┏━━

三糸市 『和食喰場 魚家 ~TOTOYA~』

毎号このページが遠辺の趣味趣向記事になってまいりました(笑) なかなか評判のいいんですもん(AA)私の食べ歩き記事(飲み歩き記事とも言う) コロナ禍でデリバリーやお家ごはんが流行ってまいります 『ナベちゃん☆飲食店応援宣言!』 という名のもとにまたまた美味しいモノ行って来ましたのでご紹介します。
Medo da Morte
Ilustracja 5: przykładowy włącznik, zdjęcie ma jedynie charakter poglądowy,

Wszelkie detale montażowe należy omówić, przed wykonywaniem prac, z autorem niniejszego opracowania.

┗━━
┏━━

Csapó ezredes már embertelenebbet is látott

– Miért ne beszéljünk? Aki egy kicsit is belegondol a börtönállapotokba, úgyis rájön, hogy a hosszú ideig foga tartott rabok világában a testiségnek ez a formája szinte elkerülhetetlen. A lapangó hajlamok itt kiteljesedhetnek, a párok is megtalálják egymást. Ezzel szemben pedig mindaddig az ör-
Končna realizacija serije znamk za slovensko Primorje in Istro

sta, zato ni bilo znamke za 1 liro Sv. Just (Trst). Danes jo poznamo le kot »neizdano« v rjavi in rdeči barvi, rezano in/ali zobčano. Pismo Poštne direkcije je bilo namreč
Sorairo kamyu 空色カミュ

┗━━

### REQUIRED WORK:
Would you print exactly and only the lines of the material above that run from the line with "Končna realizacija serije" through the line with "Sorairo kamyu 空色カミュ", both included?

### ANSWER BOX:
Končna realizacija serije znamk za slovensko Primorje in Istro

sta, zato ni bilo znamke za 1 liro Sv. Just (Trst). Danes jo poznamo le kot »neizdano« v rjavi in rdeči barvi, rezano in/ali zobčano. Pismo Poštne direkcije je bilo namreč
Sorairo kamyu 空色カミュ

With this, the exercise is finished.